Половина третьего. Самое время для чашечки кофе в торговом центре, дежурной смс-ки Заку и пончика с шоколадом — Тилька совсем не привыкла считать калории.

Дома у Тильки повсюду сладости, дома у Тильки яркий, пестрящий хаос — и все довольны. В очень редкие минуты не то душевного просветления, не то кратковременного трансцендентного помутнения, грозная Матильда, проснувшись в Тильке, конечно, пытается призвать к порядку, размахивая перед вздёрнутым Тилькиным носом книгой о здоровой пище и выкладывая из бесчисленных карманов неиссякаемые запасы завалявшейся педантичности, но вскоре выметается в Тильке неведомом направлении вместе со всем своим бесценным скарбом.

У Тильки жёлтые ногти и сапоги, наушники, шлем и байк.
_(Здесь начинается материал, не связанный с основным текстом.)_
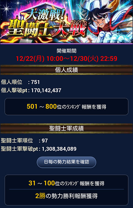聖闘士星矢 ギャラクシーカードバトル(79) まずは前イベの結果から。ランキング報酬のLoS蟹2枚、LoSシュラ1枚ゲットしました。蟹は防御で使おうと思ってたから、手に入って嬉しいです♪逆にシュラは1枚だけだから…どうしようかなぁ(悩 そして、これって恒例なのかしら?昨年もあった新春ガチャ。 今年の目玉カードは・・・ついに、運営やっちゃったww完全ネタカード。と思いきや、ステ値は凄く良いです。お試し300円(1回限り)でUR以上確定なので、今年も運試しじゃ! ↓ ↓ ↓ ↓ ↓ 昨年に引き続き、今回もミロ様ゲット!しかも至高ミロ様!このままリダカ用にしたいような、覚醒して使いたい様な・・・昨年引き当てたミロ様は売っちゃったけど(爆このミロ様は大事にするよ!2年連続ミロ様・・・良いスタートですね、嬉しいです♪ [0回]PR

Она слушает Нирвану, Алису и Чёрный кофе, читает Диккенса и Стругацких, а в свободное время играет на балалайке, хоть до конца никогда не могла придумать, откуда она, балалайка, в жизни вообще взялась.

Когда Тилька лихо паркуется около покосившихся брусьев, город с вечером обнимаются так крепко, что один от другого не отличить — Жидкий кобальт в оранжевом мареве фонарей, призрачные громады человеческих муравейников на фоне февральских звёзд. Необычайно тёплый нынче февраль. Впрочем, Тилька вообще не умеет мёрзнуть — это кажется ей занятием до крайности бесполезным. Тильке даже на байке в мороз тепло, даже в гололёд на двух ненадёжных колёсах гонять не страшно.

Зак наверняка уже ждёт, уютный, с пиццей из ближайшей доставки и с пряным масала-чаем в маленьких белых чашечках; в комнатах пахнет пихтой и кипарисом, на всех подоконниках — гвардия показательно агрессивных кактусов и подушки. Везде подушки: большие и маленькие, расшитые цветами, бархатные, лоскутные, подушки-собачки и подушки-коровы — Тилькин мягкий, придуманный когда-то от скуки рай.

Бросая на полку ключи, Тилька, улыбаясь, отправляет в большую кофейную банку ворох бумажных корабликов-пожеланий. Вместе с Заком они копят их целый день, записывая всё, что в голову взбредёт — хорошее, обязательно хорошее: это — правило. Всегда приятно доставать эти кораблики наугад, брать собой, разворачивать, когда грустно.

У тильки на стенах большие картины ярких миров, в которые они с Заком наверняка слетают когда-нибудь погостить. Просто так, для разнообразия. А пока что их только рисуют по очереди. И истории пишут. Обязательно пишут потому, что это едва ли не самое важное. Миры придумывать — это не колечки складывать в пирамидку. Это чертовски сложно и очень долго. Но как же захватывающе, господи, как захватывающе — словами не описать.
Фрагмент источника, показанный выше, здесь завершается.